From my search engine slush pile “COPD and beer”. Presumably the question is whether or not the two are compatible.
There are two answers to that:-
2. I’m going to the pub later today.
You should only drink cask beer, never keg. Lager is quite obviously gassy, but other keg beers, like stouts and bitters, contain higher levels of dissolved gas than is good for you. The gas will inflate your stomach, causing it to push up your diaphragm and constrict your lungs, impairing your breathing. You really don’t need that, and avoiding lager, at least, is a no-brainer.
Being, to whatever degree, drunk, is likely to screw with your meds, in that you’re likely to forget them. Bear that in mind.

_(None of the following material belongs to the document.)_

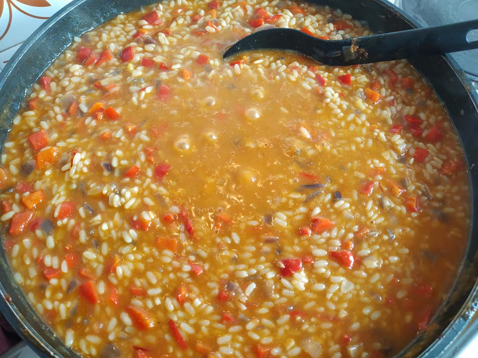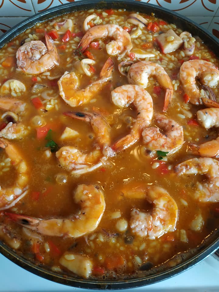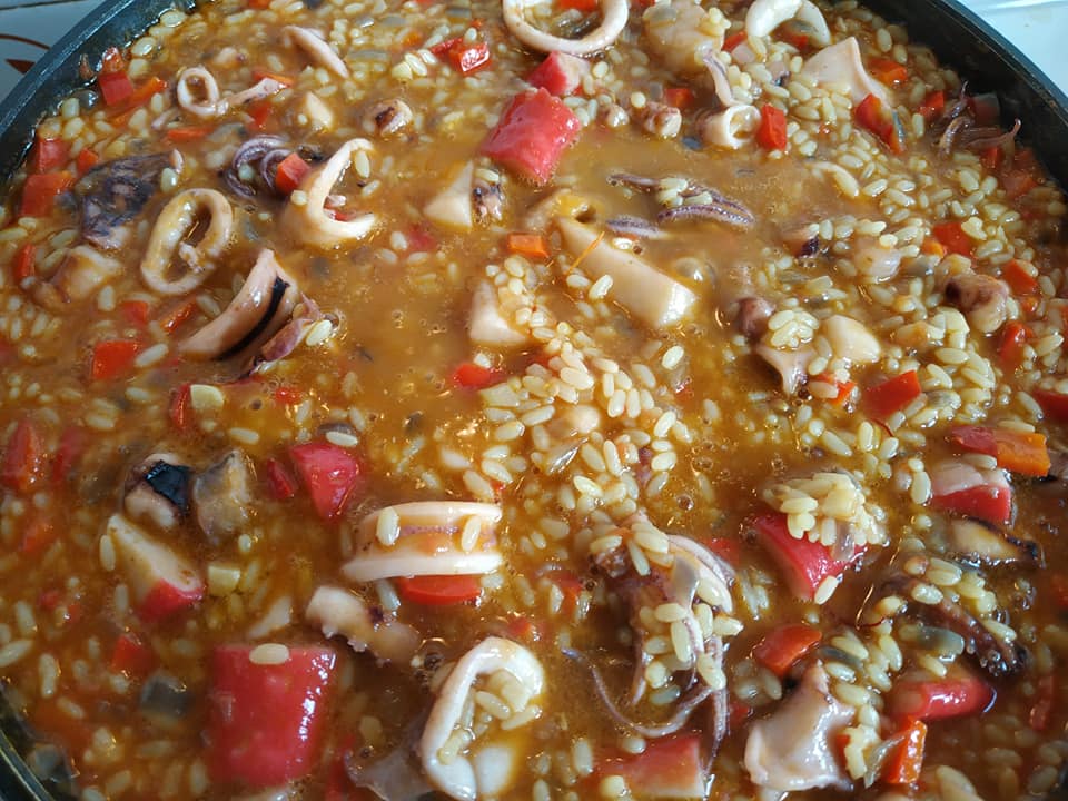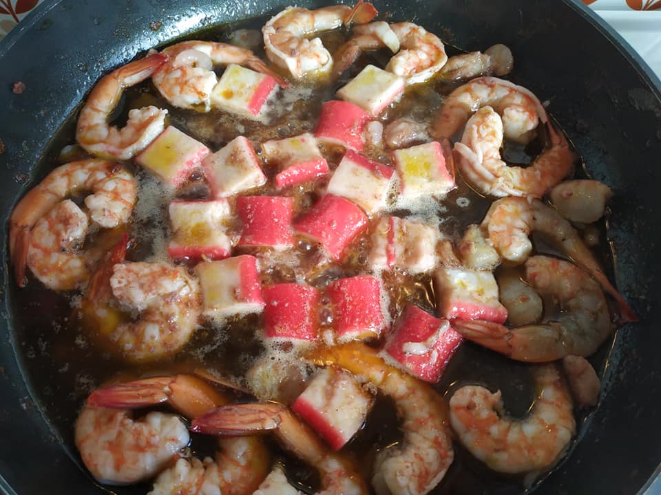 Σοτάρω ξεχωριστά σε λάδι μαζί με μια κουταλιά βούτυρο αρωματισμένο με γλυκιά πάπρικα και σαφράν, μισό κιλό γαρίδες, μισό κιλό καλαμαράκια φρέσκα και ένα πακέτο κατεψυγμένο μιξ θαλασσινών. Τα βγάζω σε ένα σκεύος κι αλατίζω από πάνω. Στο ίδιο λάδι σοτάρω ένα μεγάλο ψιλοκομμένο κρεμμύδι και τρεις σκελίδες σκόρδο. Όταν γυαλίσουν προσθέτω δύο ψιλοκομμένες πιπεριές Φλώρινης και δύο τριμμένες κόκκινες ντομάτες. Μετά από 5 λεπτά βάζω μαλακό κίτρινο ρύζι,σταδιακά το ζωμό από τα κεφάλια και το κέλυφος των ουρών της γαρίδας, αλατοπίπερο, λίγο κρόκο Κοζάνης ακόμη και σιγοβράζω για δέκα λεπτά. Ξαναβάζω τα θαλασσινά μου, ένα φύλλο δάφνης και σε 5 ακόμη λεπτά πριν το σβήσω βάζω μαϊντανό και άνηθο. Έγινε πολύ γευστικό, δεμένο κι αρωματικό χωρίς να χρησιμοποιήσω καθόλου κρασί ή έξτρα βούτυρο στο τέλος.

If you are taking Theophylline-based drugs, don’t wear suede shoes –puking is likely to be a feature of your time in the pub (for much of my life I merely borrowed beer, until my meds were changed). For that reason, if you eat while you’re out, I recommend egg mayo or tuna mayo sandwiches, as they’re exactly the same coming and going.
In my experience, as my COPD worsens, the effects of alcohol are amplified – put simply, where before I was simply a little blurred around the edges, I can often be blind drunk on the same amount of beer. This is bad news, obviously. It’s also unpredictable.
For that reason, I always check the ABV (percentage of alcohol by volume), of my beer, the idea being that with stronger beers, I’ll drink less. Oddly, that never seems to work out!
No point in trying to work out your units. 1 unit is half a pint of 3.5% ABV beer. When did you last see 3.5% beer? Quite. So unless you want to spend your time with a calculator, instead of enjoying yourself, forget units.
Two things to remember. Firstly, you are likely to get much more drunk than the average well person for the same amount of booze (well friends can often be too dumb to understand that), and second, the next day you are likely to regret it more.
This is because the fluid intake boosts the amount of crap in your lungs, so if you don’t normally keep a sputum pot by your bed, you should think about doing so. That does wear off, by the way.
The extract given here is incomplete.